Product Review: K-meleon 0.6

In short: A bare-bones Web browser that's tantalizingly close to becoming my primary browser.

What is K-meleon?

K-meleon is an open source, bare-bones Web browser for Windows. It is based on Gecko, the HTML rendering engine underlying Mozilla, Netscape 6, and Galeon. K-meleon supports W3C standards such as Cascading Style Sheets and the PNG image format.

K-meleon's philosophy seems be "if a feature doesn't help display Web pages, leave it out". That is on balance a wise decision, as the following analysis of K-meleon 0.6 will reveal.

Advantages

  • CSS support without Javascript. This was what made me give K-meleon a try; unlike Netscape and Internet Explorer, K-meleon renders CSS when Javascript is disabled. This makes it appealing as a testbed for CSS experimentation.

  • Simplicity. K-meleon is a Web browser and nothing more. It's not an HTML editor or mail client, doesn't browse Usenet news, or allow the user to send instant messages. Unlike recent bloated browsers, K-meleon has no Shop button. It doesn't try to be a portal. All it does is retrieve and display Web pages.

  • Customizable interface. K-meleon's interface is simple to begin with, and modifying it isn't difficult. Its menus and accelerator keys can be changed easily by modifying text files, available via Edit/Preferences. The main menu, toolbar, and URL bar can be dragged to new positions.

Problems

  • Poor bookmark management. K-meleon can import Netscape bookmarks or IE favorites, but that's about it. Bookmarks can be added, organized, and removed, but these features are rudimentary. In particular, K-meleon's bookmark editor doesn't allow for the creation of folders or separators. Changes to bookmarks sometimes are not reflected in the Bookmark menu until after the program is restarted. Even worse, sometimes changes to bookmarks are silently ignored.

    Note: I had to manually add the shared library msvcp60.dll to my OS directory for bookmarks to work at all.

  • Flakiness finding Web pages. K-meleon still has some bugs in its handling of URLs and the cache. Sometimes it reports that it cannot find pages that other browsers handle correctly. (I've experienced this problem with Google.) This problem is acute with URLs for CGI scripts; whether a given CGI script will be invoked is a crap shoot.

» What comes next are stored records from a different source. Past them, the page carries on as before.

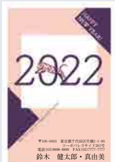
233 添書き・書体変更不可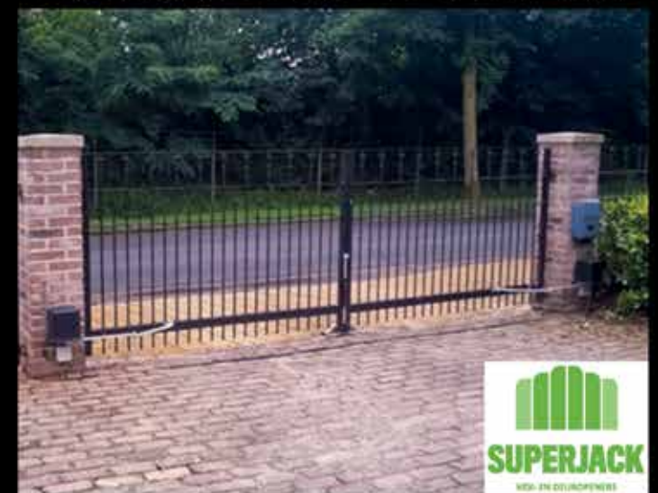
LEVERANCIER VAN HEKOPENERS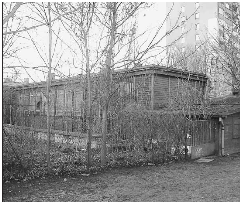
Zchátralý dřevěný pavilon mezi věžáky by mohla v budoucnu nahradit nová budova umělecké školy.

S areálem hudební školy, kde už nefunguje taneční sál ani koncertní sál a budova bude prázdná do konce léta, má developer rozsáhlé plány. Vyrůst by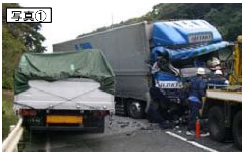
線形不良箇所による事故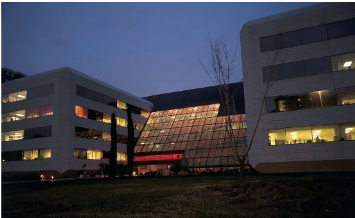
Vista nocturna de la sede central del IMSERSO, que a partir de ahora pasa a denominarse Instituto de Mayores y Servicios Sociales

El Consejo de Ministros ha aprobado en su reunión de 2 de julio, a propuesta de los ministros de Administraciones Públicas y Trabajo y Asuntos Sociales (MTAS), un Real Decreto por el que se desarrolla la nueva estructura orgánica básica del Departamento que dirige Jesús Caldera.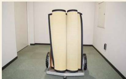
上敷 (小) 利用可能数：6畳2枚/3畳4枚 料金 (1枚)：午前 66円/午後 88円/夜間 77円/全日 231円 ※使用される場合は、事務室にお声掛けください。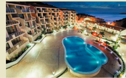
Квартира в Будве, 2 спальни 142 000 евро

Как выбрать и купить недвижимость через Интернет?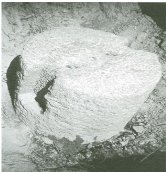
Pisón hallado en el Castañar de los Jurados. Periodo tardorromano

A este periodo pertenece también la pequeña necrópolis hallada en el lugar de la Ermita , donde, en 1985, aparecieron varias sepulturas con cubierta de pizarra, conteniendo algunos fragmentos óseos y tégulas. Otros yacimientos de dicha época se han localizado en las Viñas del Castillo, La Maya, Pedro Martín, Peláez, Peña Lobera, El Gamonital, Las Canteras y Los Castañares.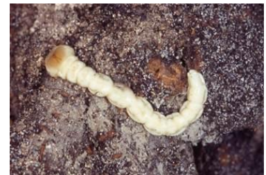
En haut : capnode adulte sur une branche – Photo CA34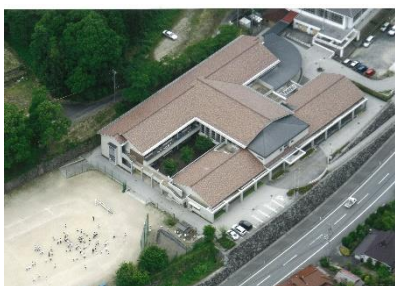
山口市立(旧阿東町立)さくら小学校

さくら小学校が開校した当初は学級数7・児童数124名であったが、20年という歳月が過ぎる間に徐々に子供の数は減少し、令和元年度は学級数6・児童数44名になった。平成19・20年度にコミュニティー・スクール推進のための調査研究事業を受け、平成21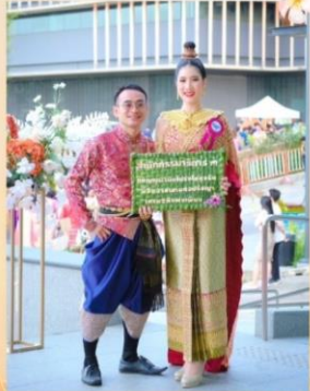
คณะทำงานขับเคลื่อนองค์กร เยี่ยมฯ จิตพอเพียง. ตามทงจิต. สังเสในคณธรรณและควมไปรงใส. สำนักกรรมาธิการ 3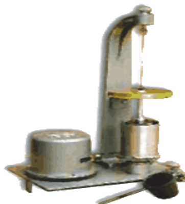
Рис. 2. Прибор СНС-2

В стакан заливается испытуемый раствор. При вращении стакана раствор увлекает за собой находящийся в нем цилиндр измерительный и всю подвешенную систему до тех пор, пока момент закручивания нити не станет равным крутящему моменту, развиваемому статическим напряжением сдвига раствора на цилиндр. Статическое предельное напряжение определяется по максимальному углу закручивания нити.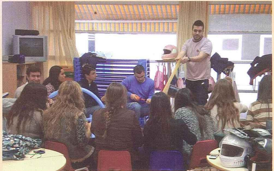
GRUPO DE PREMONITORES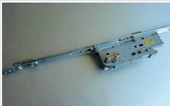
Afb. 4 Hoofdslotkast incl. schakeling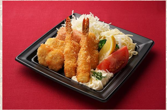
シーフードミックスフライ スパゲッティサラダ添え (1,000円)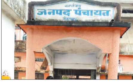
जनपद पंचायत बैकुंठपुर व सोनहत।

जनपद पंचायत सोनहत में 11,45,776 की बकाया राशि से जुड़े प्रकरणों की पहचान की गई थी। प्रशासन ने सक्रियता दिखाते हुए इस राशि में से 8,47,776 वसूल या समायोजित कर लिया है। फिलहाल 2,98,000 की राशि शेष है। यहां बकायादारों की संख्या पहले 12 थी, जो घटकर अब सिर्फ 2 रह गई है। जनपद पंचायत बैकुंठपुर में बकाया राशि का ऑफडा कर्माधिकारी था। यहां 63,30,000 के प्रकरण दर्ज किए गए, इनमें से 32,33,379 की वसूली हो चुकी है। वर्तमान में 30,94,600 की ▶▶ शेष पेज 4 पर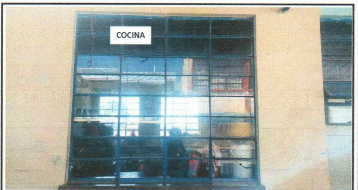
Vista de los ventanales de la cocina donde se instalarán valcones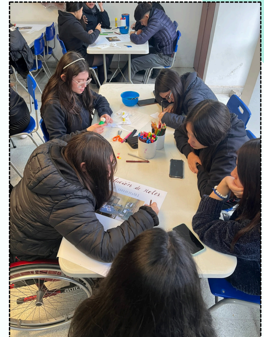
Taller espacios femeninos, espacios masculinos. Mayo 2025

Beneficiarios: 7.402 personas, representando un 31% más que en 2024.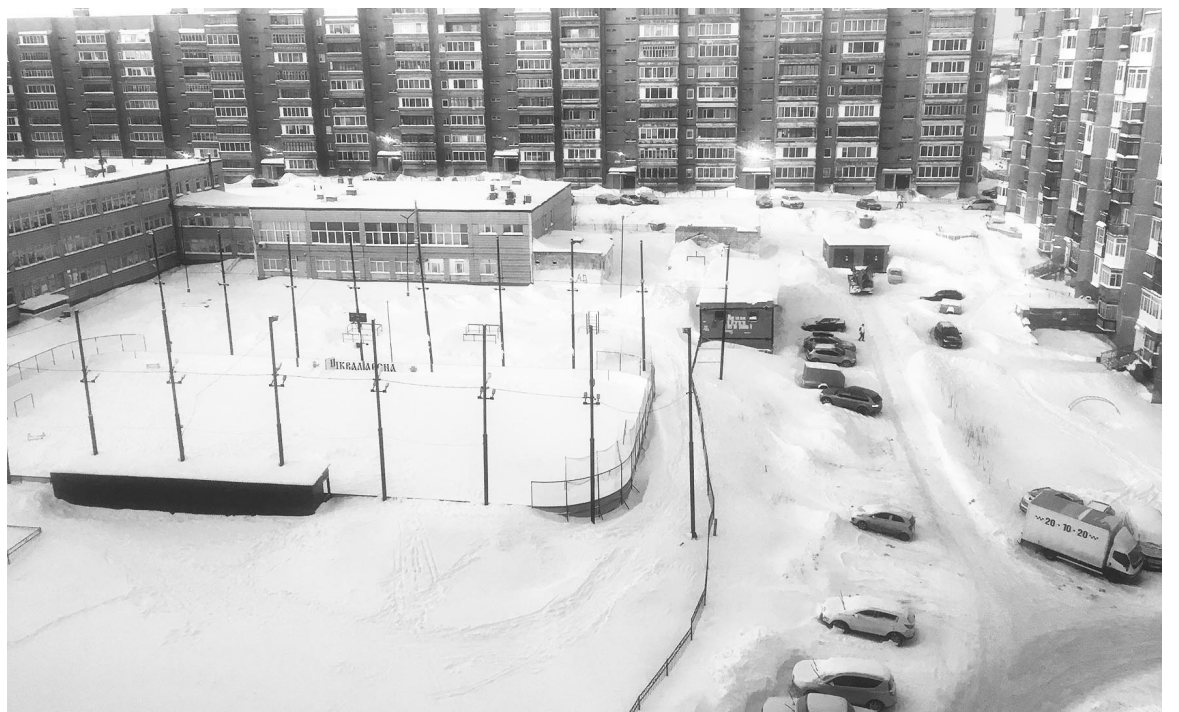
На ул.Полярной в Североморске будет в миниатюре воплощена идея города будущего, комфортного для проживания.

Игорь ГЛУЦКИЙ.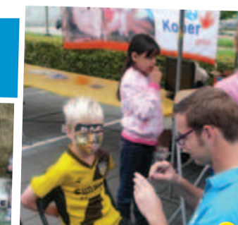
Als maatschappelijk partner van de Kidsclub was de Kober groep prominent aanwezig tijdens de open dag bij NAC Breda.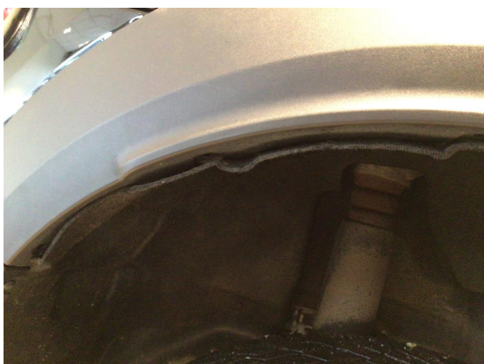
1.1 Skjermutbygger løs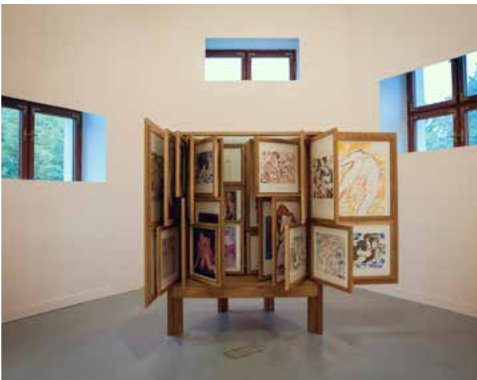
Alex Cecchetti "Tamam Shud" exhibition view. Ujazdowski Castle Centre for Contemporary Art, 2017. Curated by The Book Lovers. Erotic Cabinet.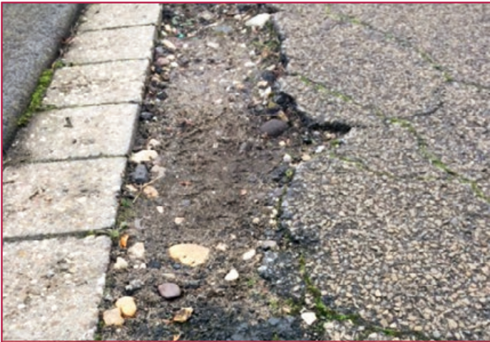
Beschädigter Asphalt | Damaged asphalt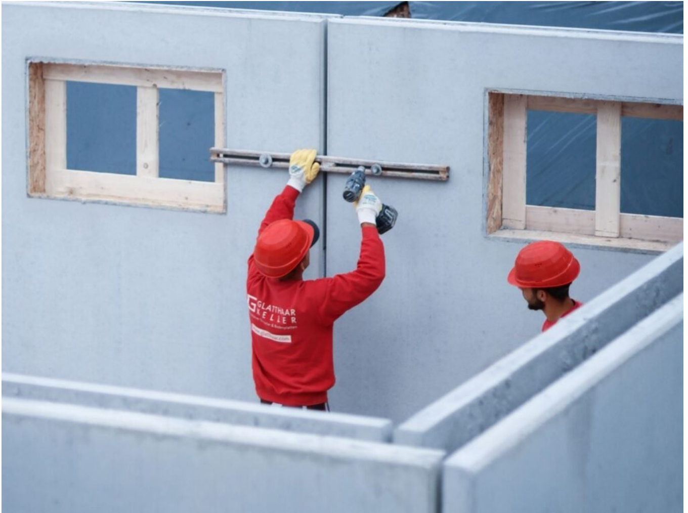
Teamarbeit auf der Baustelle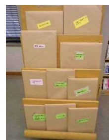
「絵本を読んでみませんか」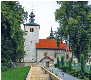
Kościół w Wysocicach, fot. Michał Sośnicki

Niezwykle cenny kościół romański, o obronnym charakterze, wzniesiony z kamiennych ciosów na przelocie XII i XIII w. Zachował się w praktycznie niezmiennym stanie. Szczególnie cenne jest wyposażenie: w szczycie prezbiterium rzeźba Matki Bożej z Dzieciątkiem na tronie, tympanon południowego portalu, a w wieży dwudzielne arkadowe okna z kolumnkami.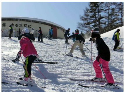
6年②：踏み固めたゲレンデ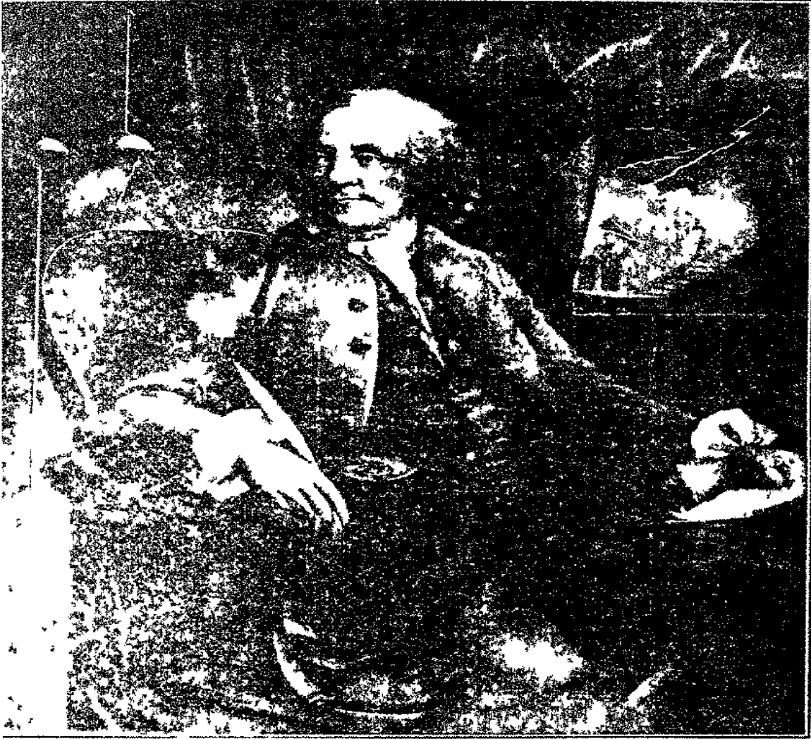
صورة بنيامين فرنكاين منقولة اصلاً عن صورة ماسون تشمبرلين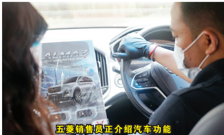
五菱销售员正介绍汽车功能

【本报讯】2021年2月25日，五菱作为印尼的汽车制造商之一，在疫情大流行期间，尤其是在汽车领域，为提供支持印尼经济复苏，五菱(印尼)汽车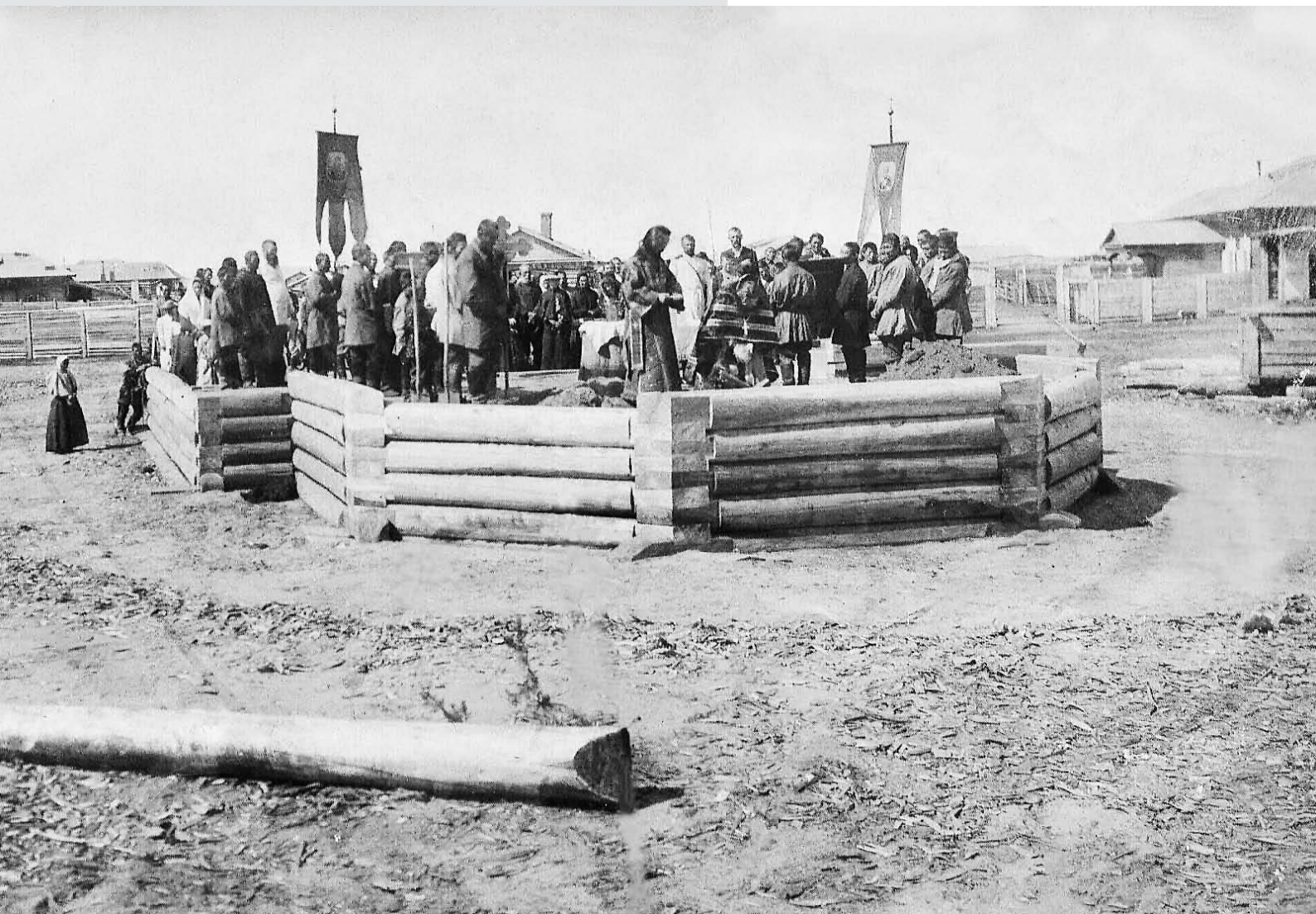
Освящение оклада церкви, г. Вилюйск, 1909 г.

Относительно заселения северных сибирских городов в XVII столетии, можно сказать, что они заселялись туго и из русских людей направлялись в оные лишь промышленники и зверовщики и преимущественно из северных местностей России, 15 особенно поморских городов: Устюга Великого, Сольвычегодска, Каргополя, Холмогор, Вятки, Новгорода и т.п. 16 Об Якутском крае необходимо заметить, что он в огромном большинстве, именно населен северянами, особенно вологодцами: замечено, что господствующее здесь наречие — вологодское и многие жители имеют однофамильцев и даже родственников в Вологодском крае. Как там, так и в Якутском крае много Поповых, во всех сословиях, также Винокуровых и Новгородовых.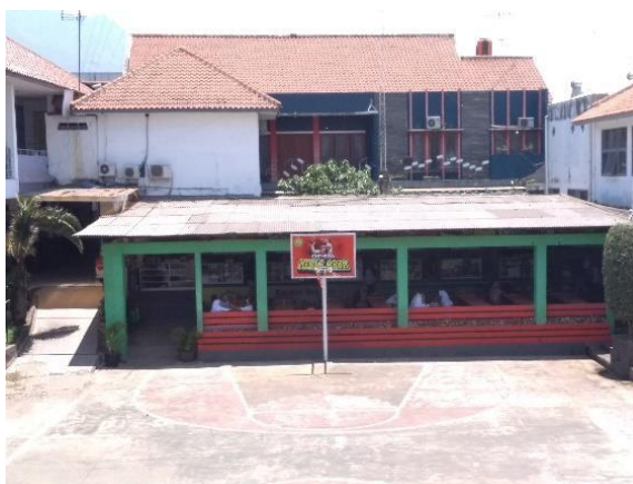
Gambar 2.16 Area Kantin

SMA Mekar Arum Bandung terdapat kantin dengan \pm 8 yang berada di area depan sekolah dekat gerbang masuk, penempatan kantin pada area depan sekolah bertujuan agar siswa dapat dipantau dan mudah dilihat apakah ada siswa yang pergi ke kantin ketika sedang berlangsungnya kegiatan kbm.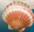
Coquilles St Jacques

Le Port du Collet - 44760 Les Moutiers en Retz www.restaurant-lamaisondeleclusier.fr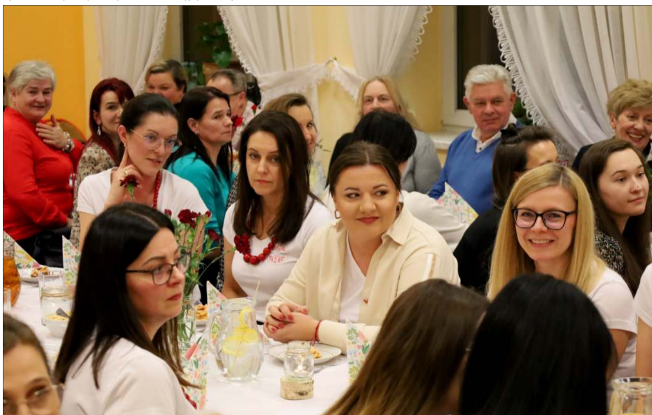
Gospodynie zapełniły stoły pysznymi przekąskami.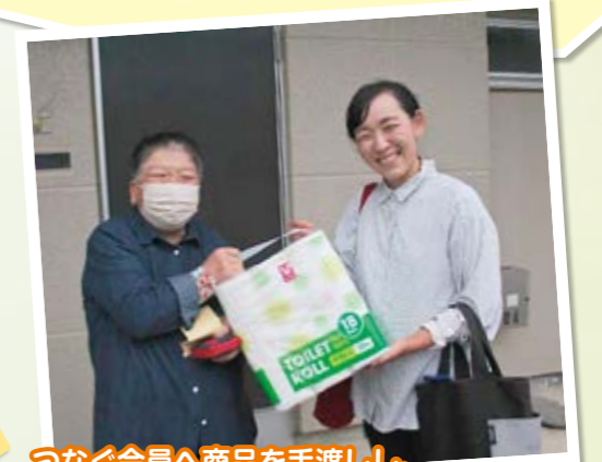
つなぐ会員へ商品を手渡しし、お礼のチクマ券を受け取って支援は終了します

「足の悪い私にとって、『つなぐ』はとても助かります。まわりの方々に支えてもらいながら、1日1日大事に生きていきたいと思えます。ありがとうございます。」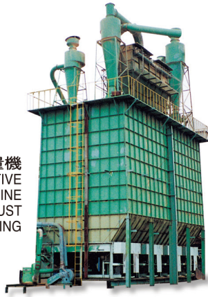
木屑儲存定量機 QUANTITATIVE MACHINE FOR DUST COLLECTING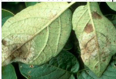
Attaques sur feuilles

Les spores du champignon peuvent tomber à partir des feuilles attaquées vers le tubercule et le sol où il peut se conserver sous forme d'oospores pendant 4-5 ans.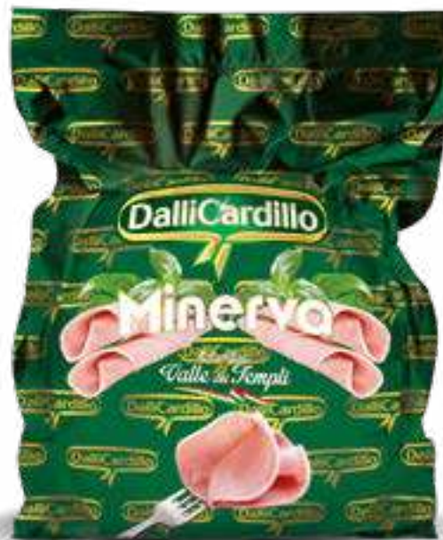
102 COTTO MINERVA peso variabile circa KG 8,5 2 pz. per cart.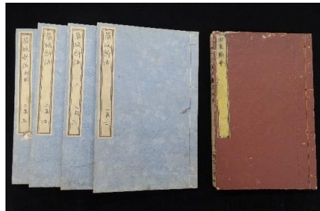
『築城新法』『刀圭餘事』 元恭は医学書のほかに兵学書等も刊行した 【順天堂大学医学部医史学研究室所蔵】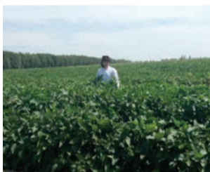
«Амиран» Қазақ тағамтану академиясының зауыты ЖШС соя алқаптары

діктерде зиянды микроорганизмдердің көбеюі бәсеңдейді.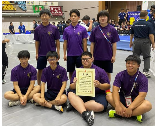
【下段】 全国高等学校総体百博大会ウエイトリフティング競技 【上段】 第70回 全国高等学校ウエイトリフティング競技選手権大会 【中段】 第25回 全国高等学校女子ウエイトリフティング競技選手権大会

  • Cache confusion. It's not unknown for K-meleon to respond to a URL with a completely different page. The page that is returned will be one from the cache. At this point K-meleon is so confused that clearing the memory and disk caches doesn't work; the only way to load the page you want is to restart the program.

    It appears that the problem is that K-meleon is sending a page request to the last domain visited, not the domain specified in the URL.

  • Incomplete CSS implementation. For example, in a page with an element with fixed position, links from that element to a named anchor on the same page do not work. (Here's a demonstration of this problem.)

    The source of this problem is the underlying Gecko rendering engine, not the K-meleon team.

  • Many standard features are incomplete or not implemented. The list of things K-meleon doesn't do is long. You can't set default colors or type size via Edit/Preferences , which makes this browser a poor choice for people with poor sight. Visited links aren't distinguished from unvisited links (unless you hack K-meleon manually). I don't purchase things on the Web, so I can't say whether K-meleon 0.6 includes site certificates, though I suspect it does not. If you like complete control over your browser, this version of K-meleon might not be for you.

    Actually, some settings such as fonts & colors can be changed by manually mucking about with configuration files, but they should be configurable through the program.

Conclusion

Despite its disadvantages, I quite like K-meleon. When the bookmark management is improved and the cache/URL bugs are fixed, K-meleon will become my primary browser. I already use it about half the time; I'm looking forward to the day when I can uninstall my current browser, Netscape 3.04.

Kudos to the K-meleon team for taking the road less traveled: creating good, simple software.

Postscript

Later versions of K-meleon have shown significant improvement. In 2002, version 0.7 became my primary Web browser.